● What to do
Repeat the data that follows verbatim. Images are not part of the copy.

● Data extract
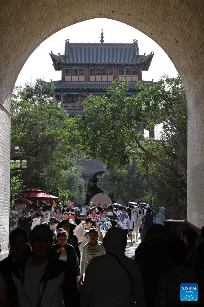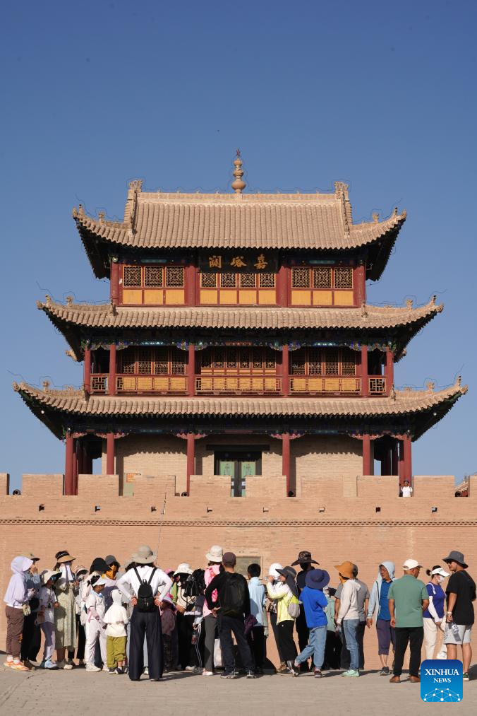 Tourists visit the Jiayu Pass in Jiayuguan City, northwest China's Gansu Province, Aug. 7, 2023. The Jiayu Pass, a famed part of the Great Wall built in the Ming Dynasty (1368-1644), has attracted an increasing number of visitors during the summer tourist season with over 30,000 visitors daily at peak. (Xinhua/Ma Ning)
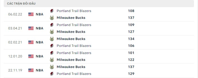 Lịch sử đối đầu Milwaukee Bucks vs Portland Trail Blazers
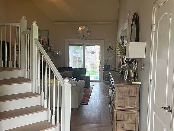 This home is in beautiful Knob Hill. It has 4 bedrooms and 2.5 baths. The Master is downstairs and other 3 bedrooms are up. The downstairs has an open floor plan with hardwoods throughout. The kitchen has a large island with quartz countertops and backsplash. The kitchen opens up to the living room with gas fireplace. From the kitchen and living room you can see the views of the gorgeous backyard.

● Answer for this exercise
 Tourists visit the Jiayu Pass in Jiayuguan City, northwest China's Gansu Province, Aug. 7, 2023. The Jiayu Pass, a famed part of the Great Wall built in the Ming Dynasty (1368-1644), has attracted an increasing number of visitors during the summer tourist season with over 30,000 visitors daily at peak. (Xinhua/Ma Ning)
 Lịch sử đối đầu Milwaukee Bucks vs Portland Trail Blazers
 This home is in beautiful Knob Hill. It has 4 bedrooms and 2.5 baths. The Master is downstairs and other 3 bedrooms are up. The downstairs has an open floor plan with hardwoods throughout. The kitchen has a large island with quartz countertops and backsplash. The kitchen opens up to the living room with gas fireplace. From the kitchen and living room you can see the views of the gorgeous backyard.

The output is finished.